> WHAT IS EXPECTED:
Transcribe only the lines of the listing below from the one holding "A young woman" through the one holding "在前夕更新前,即便游戏已陷入", inclusive, without any change.

───── DATA SHOWN ─────

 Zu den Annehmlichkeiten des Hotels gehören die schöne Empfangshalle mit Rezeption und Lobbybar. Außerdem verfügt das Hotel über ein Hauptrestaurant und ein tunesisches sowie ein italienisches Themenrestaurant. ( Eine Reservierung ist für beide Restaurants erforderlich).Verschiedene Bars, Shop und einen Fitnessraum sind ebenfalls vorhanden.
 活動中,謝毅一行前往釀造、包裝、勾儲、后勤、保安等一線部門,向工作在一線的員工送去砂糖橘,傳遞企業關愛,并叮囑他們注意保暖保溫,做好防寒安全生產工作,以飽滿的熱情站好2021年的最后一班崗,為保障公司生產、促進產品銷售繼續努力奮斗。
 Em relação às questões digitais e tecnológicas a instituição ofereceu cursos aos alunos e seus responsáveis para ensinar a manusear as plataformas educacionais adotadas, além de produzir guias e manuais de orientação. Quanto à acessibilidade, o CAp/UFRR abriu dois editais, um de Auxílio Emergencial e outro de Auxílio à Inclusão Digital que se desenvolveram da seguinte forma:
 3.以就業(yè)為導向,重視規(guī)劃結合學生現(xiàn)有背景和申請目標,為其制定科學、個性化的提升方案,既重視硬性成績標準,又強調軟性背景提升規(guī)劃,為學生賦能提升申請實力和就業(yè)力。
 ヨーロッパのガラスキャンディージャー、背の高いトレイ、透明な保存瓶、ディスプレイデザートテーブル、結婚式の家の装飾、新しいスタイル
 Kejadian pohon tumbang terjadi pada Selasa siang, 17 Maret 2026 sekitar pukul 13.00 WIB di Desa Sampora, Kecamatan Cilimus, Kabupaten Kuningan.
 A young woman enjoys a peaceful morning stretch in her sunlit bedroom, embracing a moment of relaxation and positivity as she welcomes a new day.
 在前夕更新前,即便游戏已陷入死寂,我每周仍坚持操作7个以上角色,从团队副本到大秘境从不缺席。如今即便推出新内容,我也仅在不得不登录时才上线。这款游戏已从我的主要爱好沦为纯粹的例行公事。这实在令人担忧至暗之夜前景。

─────
───── DATA SHOWN ─────

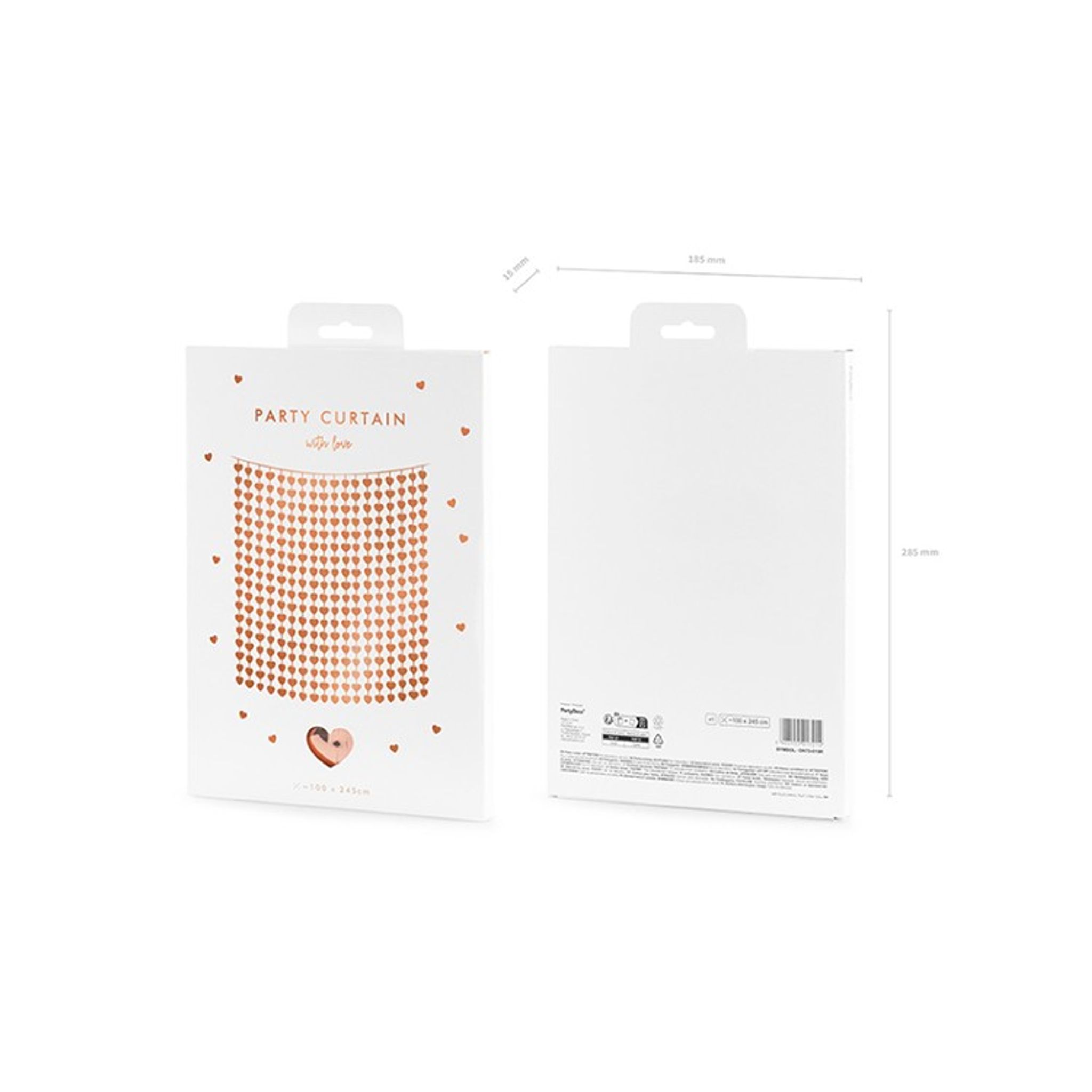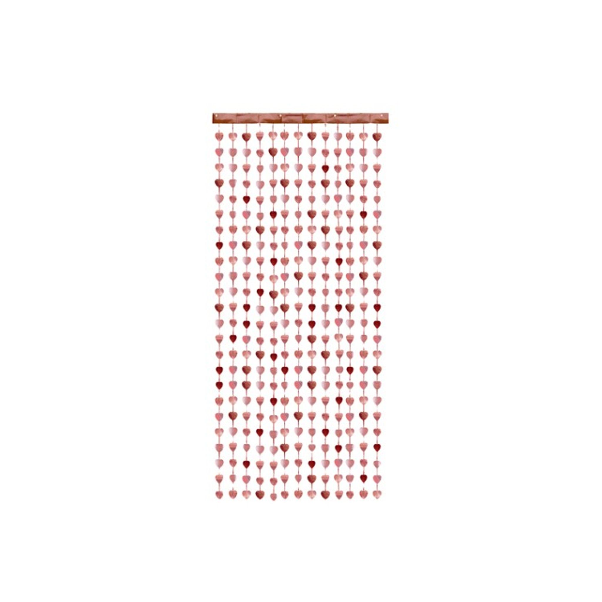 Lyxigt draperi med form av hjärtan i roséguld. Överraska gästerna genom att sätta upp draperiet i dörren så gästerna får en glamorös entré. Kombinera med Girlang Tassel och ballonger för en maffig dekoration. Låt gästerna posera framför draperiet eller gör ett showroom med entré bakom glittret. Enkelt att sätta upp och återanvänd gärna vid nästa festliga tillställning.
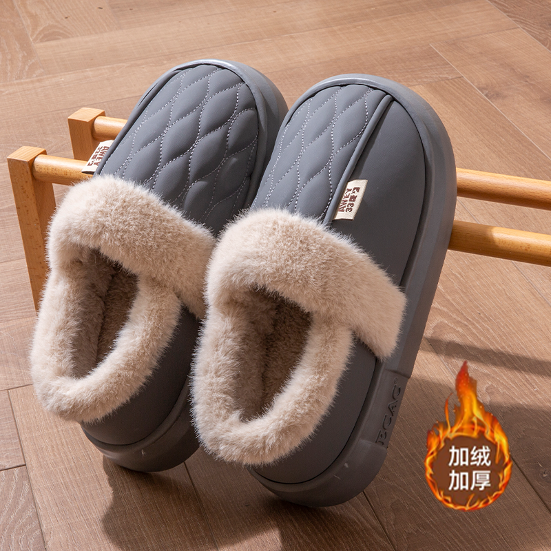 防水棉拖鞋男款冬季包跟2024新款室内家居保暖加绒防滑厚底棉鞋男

─────

> RESULT FOR THIS TASK:
 A young woman enjoys a peaceful morning stretch in her sunlit bedroom, embracing a moment of relaxation and positivity as she welcomes a new day.
 在前夕更新前,即便游戏已陷入死寂,我每周仍坚持操作7个以上角色,从团队副本到大秘境从不缺席。如今即便推出新内容,我也仅在不得不登录时才上线。这款游戏已从我的主要爱好沦为纯粹的例行公事。这实在令人担忧至暗之夜前景。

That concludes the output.